When you hear the word grief you normally think of the loss of loved ones, friends, or even someone you knew only in passing. Grief is normally associated with death, but we all grieve all kinds of losses. The end of a relationship, illness, moving, career changes, and other lifestyle changes are all types of losses that create grief. However, there’s a chance that people around you, or society in general, might not acknowledge or recognize these experiences as a loss. You may even feel guilty for feeling this way. This is known as disenfranchised grief. It refers to a loss that’s not openly acknowledged, socially mourned, or publicly supported. I think that people and society in general tend to disenfranchise grief and mourners by not recognizing a couple of things: the relationship between the loss and the griever, the importance of the loss, and the need to be a griever. Society also tries to regulate how, when, and how long people may grieve, and what people should and shouldn’t grieve. It all stems from the fact that grief, sadness, and depression make people uncomfortable. Therefore, people instinctually want the grievers to feel better and “get over it” as soon as possible. So, people will often try to minimize others’ grief.

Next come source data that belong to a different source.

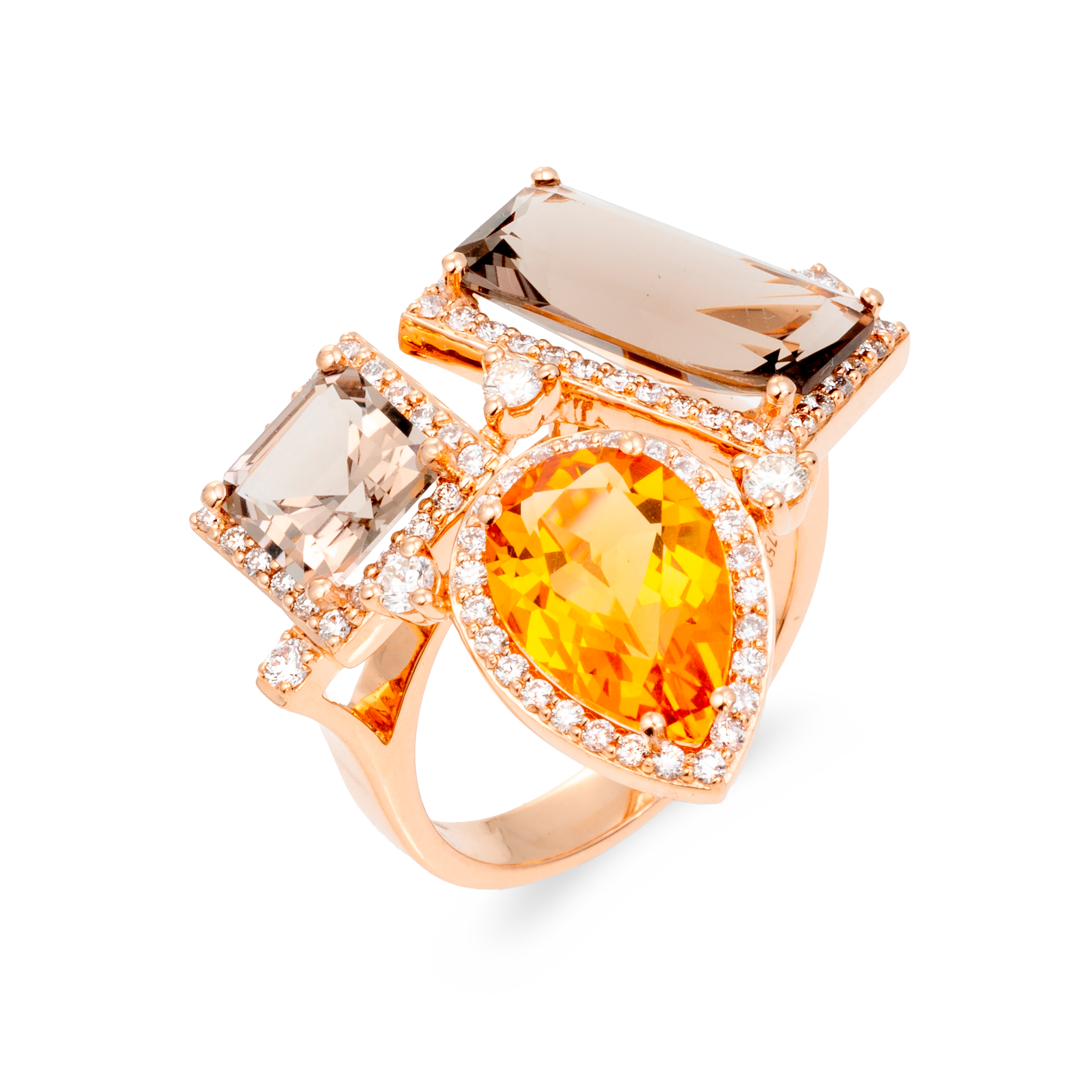 Sortija oro rosa 18K, diamante color GH, claridad SI 0.66 ct, cuarzo fume y citrino, 85 piedras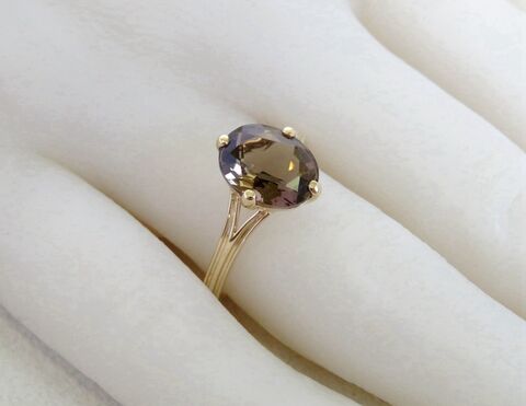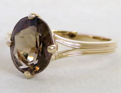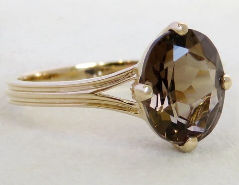 This elegant Smoky Quartz ring features a stunning 2.4ct natural oval-cut gemstone set in warm 9k yellow gold. The soft, earthy brown tones of the Smoky Quartz beautifully complement the polished gold band, creating a timeless and versatile design.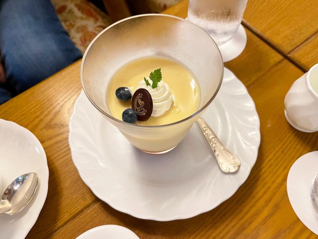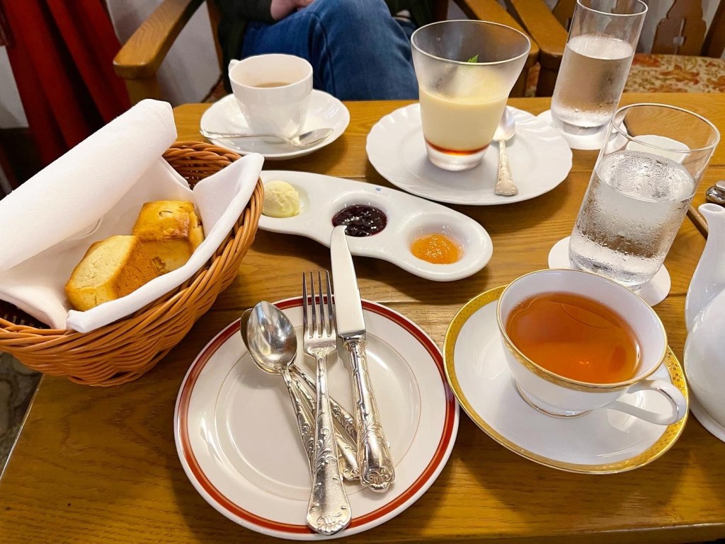 カスタードプリンセットは一日限定20食。オットのお気に入りプリンです。ちなみにこちらの紅茶も無料でお代わりを注いでくださいました。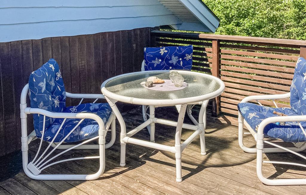 Dette hyggelige sommerhus består af 2 enheder, hvor hovedbygningen har 2 soveværelser, en hyggelig og indbydende stue kombineret med det friske og veludstyrede køkken samt toilet og brusebad med sauna indenfor. Overfor det mindre hus er en stor og meget indbydende terrasse med komfortable møbler, ideel til at tilbringe mange lange dage i solen eller nyde måltider sammen. På den anden side af terrassen ligger den mindre enhed og her er der 1 soveværelse med en lille dobbeltseng på ca 140 cm. I det andet rum er der en sovesofa og et lille køleskab. Et af soveværelserne er et sammenhængende rum til naboværelset.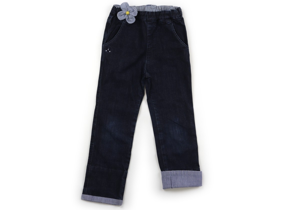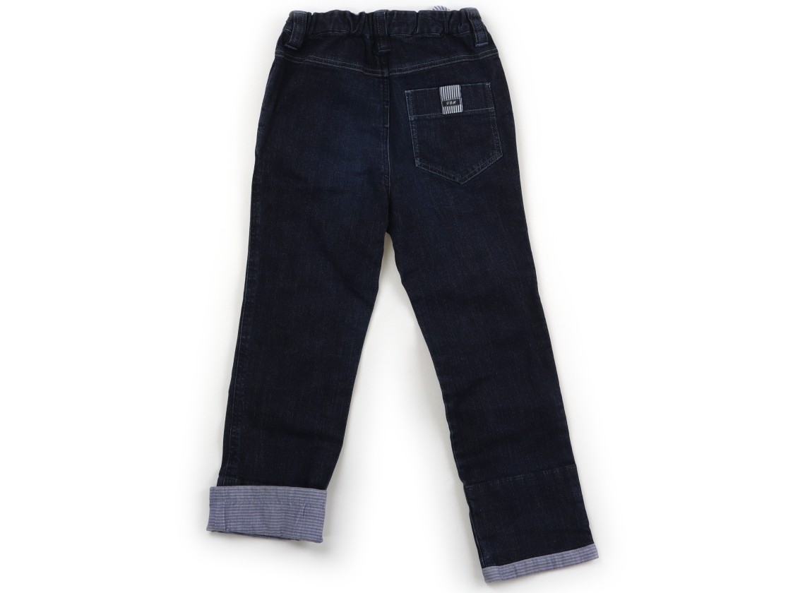 ストレッチデニム、ウエストはサイズ調整ゴムが付いています。F.dashです。品質タグが二つ付いています。裾に薄汚れ、膝とお尻に色褪せと擦れがあります。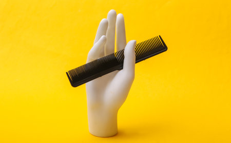 Mannequin hand holding comb on yellow background. minimalist beauty concept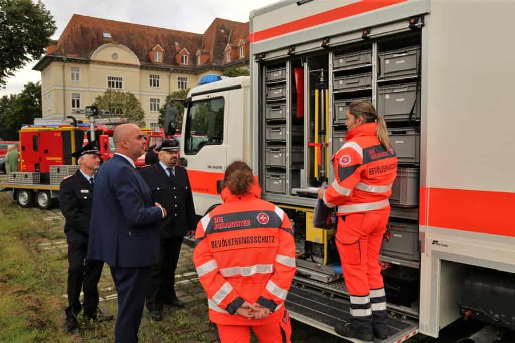 Ebenfalls bei der Fahrzeugübergabe mit ausgestellt war der Gerätewagen Sanität der Johanniter. Der zehn Tonnen-LKW mit flexiblem Beladungskonzept ist vielseitig einsetzbar, um im Bevölkerungsschutz je nach Einsatzlage schnell und dynamisch helfen zu können.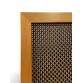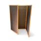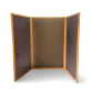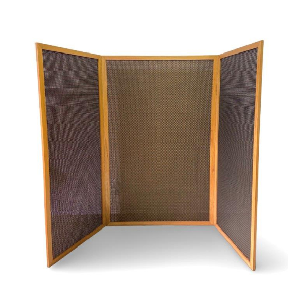 Biombo moderno de três folhas, estrutura em madeira clara e interior revestido com tela metálica perfurada em tom escuro. Dimensões: Altura 156 cm × Largura total 234 cm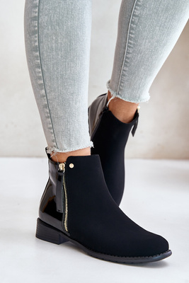 Botki Ocieplane Płaski Obcas Niska Cholewka Czarne Zinariella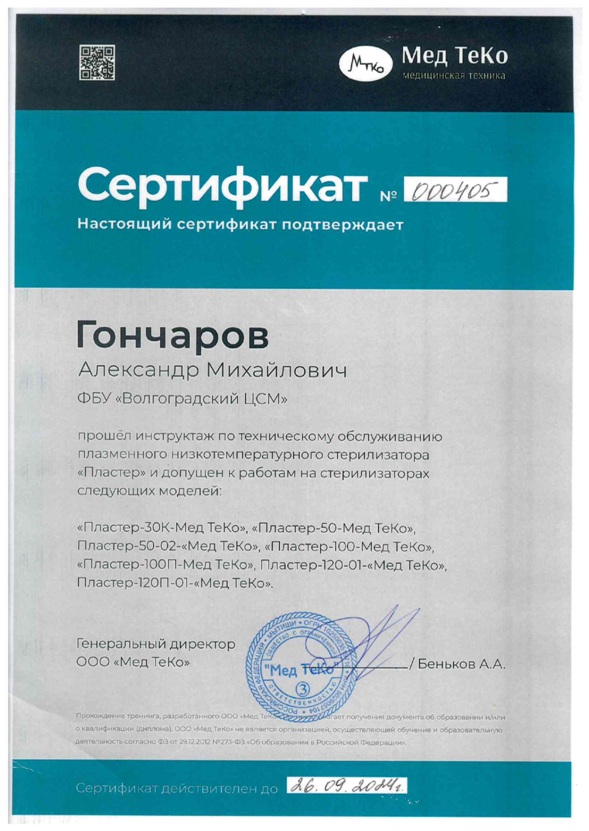 По итогам обучения Александр прошел инструктаж по техническому обслуживанию плазменного низкотемпературного стерилизатора «Пластер» и допущен к работам на стерилизаторах следующих моделей: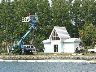昨日公園を散歩していたら池になにやら発泡スチロールを並べて、ロープで結んでいるのを発見した。作業している人に聞いたら29日10時から「しべつ水の郷(みずのさと)フェスタ」という催し物の一つとして約30メートルあまりの発泡スチロールの橋をいかに早く渡りきれるかを競うもので、優勝賞金は5万円だという。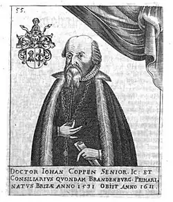 Johann Köppen erwirbt die professionem iuris, die Doktorwürde beider Rechte in Frankfurt/Oder. Ab 1560 ist er anschließend Ordinarius der Juristenfakultät (Lehrstuhlinhaber) an der Einrichtung, an der er seine Doktorwürde erzielte. Dr. Johann Köppen sen. wurde 1564 Rat beim Markgrafen Johann von Küstrin (1513 – 1571) dem Bruder von Joachim II. Hector (1505 – 1571). Ab diesem Zeitpunkt ist er für den „Marggraf Johannes von Cüstrin in Bestallung“ (einsetzen in ein Amt). 1566 holt der Kurfürst Joachim II. Hector (Kurfürst von 1535 – 1571) Dr. Johann Köppen nach der Residenzstadt Berlin, weil er die großen Vorzüge und das umfassende Wissen des Dr. Johann Köppen erkannt hat. Dr. Johann Köppen sen. wird vortragender Rat. Als der Kurfürst Joachim II. 1571 stirbt übernimmt sein Sohn Johann Georg den Treuenbrietzener Bürgersohn Dr. Johann Köppen sen. unter gleichzeitiger Beförderung zum geheimen Kammer- oder Kabinettsrat.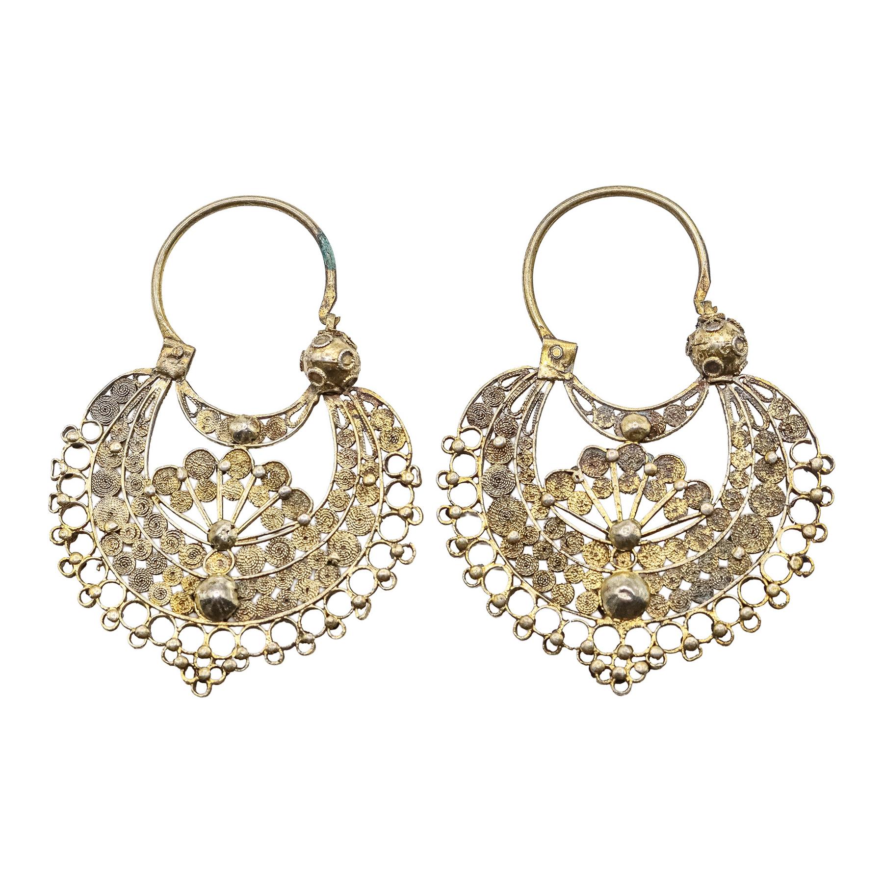 Pendientes criolla de media luna y abanico, con montura de filigrana en plata sobredorada siguiendo modelos del s.XVIII. Cierres de gancho con apertura frontal. Longitud: 5 cm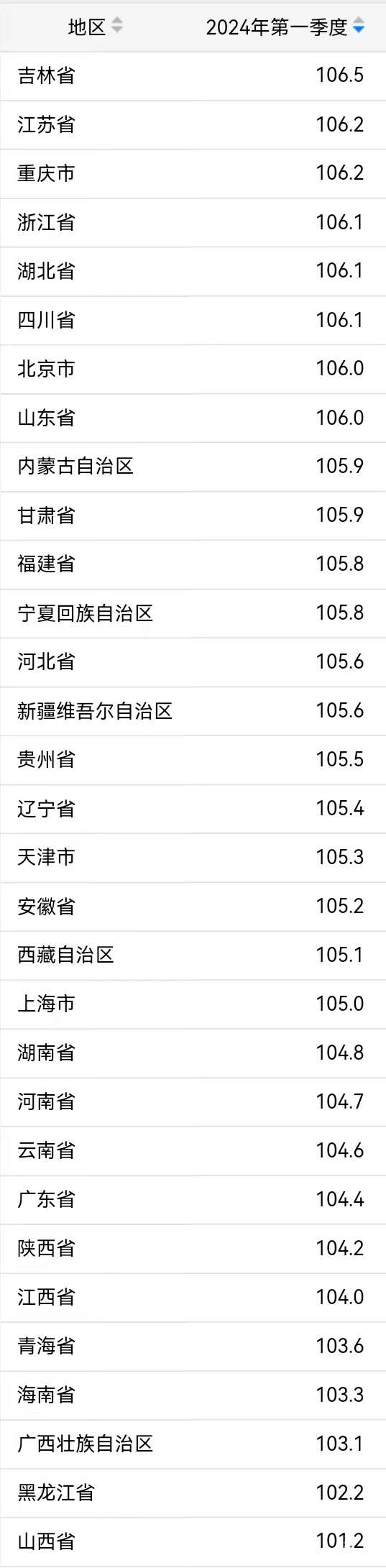 其中,吉林以6.5%的增速排名第一,高于全国1.2个百分点,领跑全国。一季度GDP同比增速达到“6字头”的还有江苏和重庆(同为6.2%),浙江、四川、湖北(同为6.1%),山东和北京(同为6.0%)。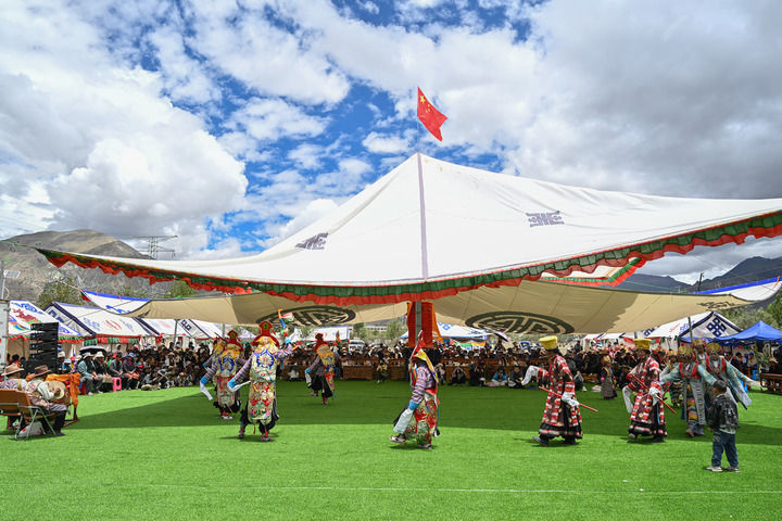 ??民間藏戲表演隊在西藏南木林縣非遺公園內(nèi)表演湘巴藏戲(2025年7月16日攝)。新華社記者 李鑫 攝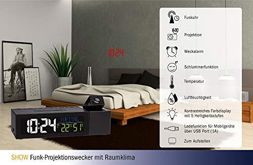 TFA Dostmann - Orologio Show con proiezione radio e temperatura, in plastica, colore: nero, 170 x 110 x 110 mm (lunghezza x larghezza x altezza)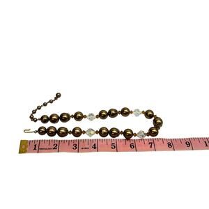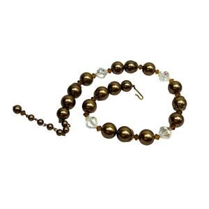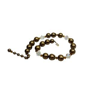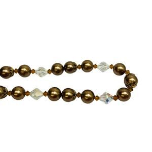 Vintage Lisner Necklace Choker Beaded Strand AB Crystal, Brown, Gold Tone 16 in
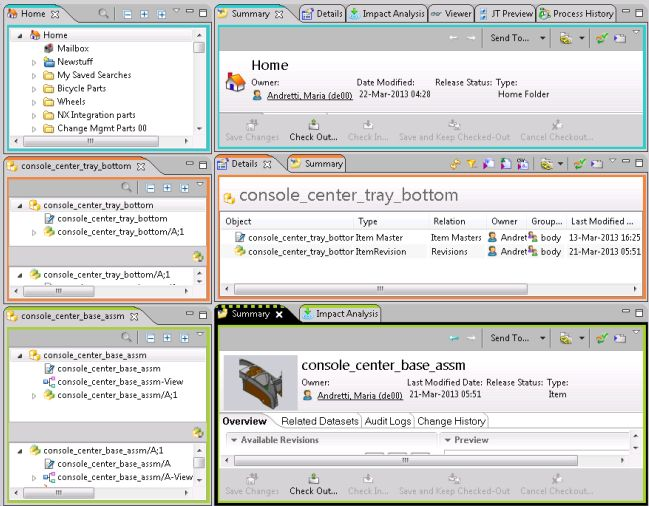 Der Teamcenter Rich Client bietet die Mein Teamcenter-Perspektive aus mehreren Ansichten, die Zugriff auf die aktuellen Merkmale und Funktionen von Teamcenter bieten sollen.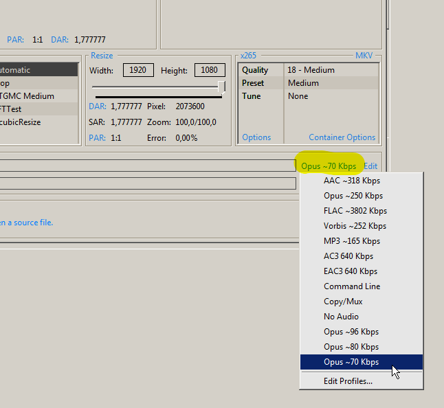 Прежде всего покажу настройки, по умолчанию x265, качество 18 (Medium), пресет средний (Medium), звук просто копирует без обработки...

In trying to minimize grief, one of the most common phrases you’ll hear when you’re grieving is “time heals all wounds.” I don’t find this to be true. I think that people think of grief as something that gets smaller over time. I would disagree. I feel like your grief may not be getting smaller, it’s just that your life grows bigger around it. You hold that same grief forever. But you change and become different and suddenly you’ve lived more than half your life without the person or thing you’re grieving, and you’ve grown so much around your grief that you can live with it.
We all live with grief because life is not constant. Things change and that’s what life is. Unexpected or expected, sudden or planned, wanted or unwanted, life is a series of changes. And when things change it is normal to miss the way things used to be. It is understandable to grieve the life you had and the person you were. And while time may not heal all wounds, with time your life does become bigger than your grief and one day you’ll notice that it doesn’t hurt as much as it used to.